4. **Training & Evaluation**
   - Train/test split = 70/30
   - Loss function = categorical crossentropy (for both tasks)
   - Metrics = accuracy, precision, recall, F1-score
   - Visualization of training history (accuracy/loss curves)

## Dataset Structure
```
Dataset/
   d0/ (digit 0)
      male/   → male speakers saying "zero"
      female/ → female speakers saying "zero"
   d1/ (digit 1)
      male/   → male speakers saying "one"
      female/ → female speakers saying "one"
   ...
   d9/ (digit 9)
      male/   → male speakers saying "nine"
      female/ → female speakers saying "nine"
```

**Note**: We predict BOTH digit (0-9) AND gender (male/female) simultaneously using a Multi-Output CNN.


In [None]:
# Import necessary libraries
import os
import sys
import warnings
warnings.filterwarnings('ignore')

# Add src directory to path
sys.path.append('src')

# Import our Multi-Output CNN modules
from extract_features import create_cnn_dataset
from train_model import train_multi_output_cnn_pipeline
from evaluate_model import evaluate_multi_output_cnn_pipeline

# Standard libraries
import numpy as np
import pandas as pd
import matplotlib.pyplot as plt
import seaborn as sns
import numpy as np
import pandas as pd
import matplotlib.pyplot as plt
import seaborn as sns

# Set up plotting
plt.style.use('seaborn-v0_8')
sns.set_palette("husl")

print("✅ All libraries imported successfully!")
print("🎯 Ready to implement gender classification for speech recognition")
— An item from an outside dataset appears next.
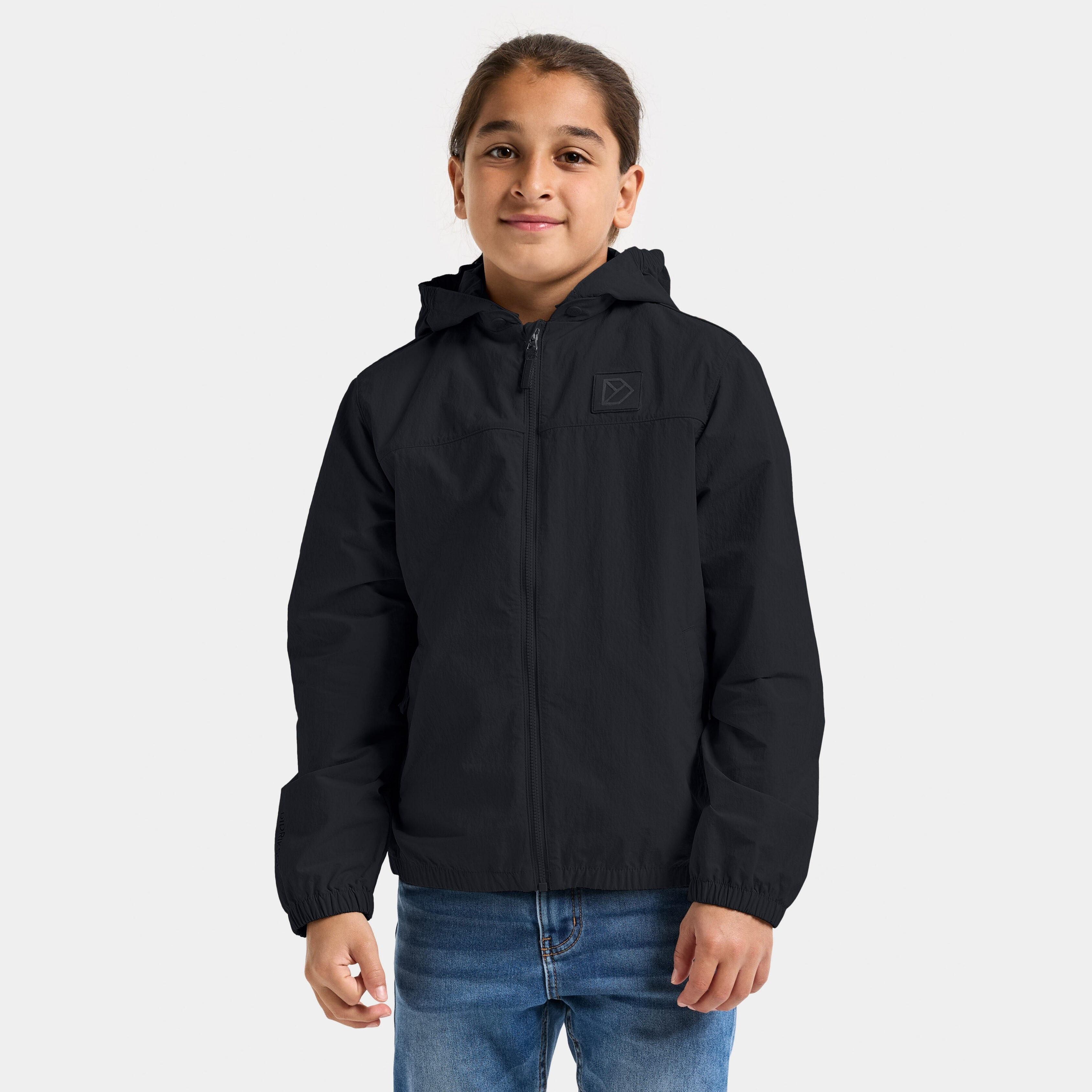 Zink is a windproof jacket for children, suitable for both everyday use and outdoor activities. The jacket is made from a bio-based fabric that combines functionality. It features a detachable hood with an elastic edge and a front zip that makes it easy to put on and take off. The cuffs and hem have elastic bands for a comfortable fit. The jacket also has a reflective logo for increased visibility, and the zip never lies directly against the chin thanks to the collar's design. Designed in Sweden, produced in Bangladesh.

## 1. Dataset Analysis and Multi-Output Structure

In [None]:
# Dataset configuration
DATASET_PATH = "Dataset"
OUTPUT_DIR = "output"

# Create output directory
os.makedirs(OUTPUT_DIR, exist_ok=True)

print("=== MULTI-OUTPUT DATASET ANALYSIS ===")
print("📁 Analyzing dataset structure for Multi-Output CNN (Digit + Gender classification)...")
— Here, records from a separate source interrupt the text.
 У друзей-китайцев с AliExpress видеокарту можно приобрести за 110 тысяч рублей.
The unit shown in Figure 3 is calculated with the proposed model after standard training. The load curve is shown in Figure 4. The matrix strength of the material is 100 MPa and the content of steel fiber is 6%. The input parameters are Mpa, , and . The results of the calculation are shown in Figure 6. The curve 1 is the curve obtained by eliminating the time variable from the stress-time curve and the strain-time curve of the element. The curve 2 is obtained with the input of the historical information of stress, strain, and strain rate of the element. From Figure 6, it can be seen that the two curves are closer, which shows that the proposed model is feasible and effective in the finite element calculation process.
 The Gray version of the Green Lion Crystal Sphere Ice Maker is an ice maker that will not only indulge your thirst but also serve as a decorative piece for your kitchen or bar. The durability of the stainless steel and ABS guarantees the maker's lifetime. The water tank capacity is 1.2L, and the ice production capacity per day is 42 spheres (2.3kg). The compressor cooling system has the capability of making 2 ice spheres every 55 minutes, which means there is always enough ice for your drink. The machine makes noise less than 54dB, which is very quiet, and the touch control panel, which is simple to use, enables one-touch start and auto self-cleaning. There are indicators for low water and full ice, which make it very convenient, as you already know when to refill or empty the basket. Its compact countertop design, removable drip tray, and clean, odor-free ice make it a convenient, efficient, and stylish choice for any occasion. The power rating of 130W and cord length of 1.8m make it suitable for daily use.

# Count files by digit and gender
digit_counts = {}
gender_counts = {'male': 0, 'female': 0}
total_files = 0

for digit in range(10):
    digit_dir = os.path.join(DATASET_PATH, f'd{digit}')
    if os.path.exists(digit_dir):
        digit_count = 0
        
        # Count male files
        male_dir = os.path.join(digit_dir, 'male')
        if os.path.exists(male_dir):
            male_files = len([f for f in os.listdir(male_dir) if f.endswith('.wav')])
            gender_counts['male'] += male_files
            digit_count += male_files

        # Count female files
        female_dir = os.path.join(digit_dir, 'female')
        if os.path.exists(female_dir):
            female_files = len([f for f in os.listdir(female_dir) if f.endswith('.wav')])
            gender_counts['female'] += female_files
            digit_count += female_files
        
        digit_counts[f'Digit {digit}'] = digit_count
        total_files += digit_count

print(f"📊 Multi-Output Dataset Statistics:")
print(f"   Total audio files: {total_files}")
print(f"   Male samples: {gender_counts['male']}")
print(f"   Female samples: {gender_counts['female']}")
print(f"   Gender distribution: {gender_counts['male']/total_files*100:.1f}% Male, {gender_counts['female']/total_files*100:.1f}% Female")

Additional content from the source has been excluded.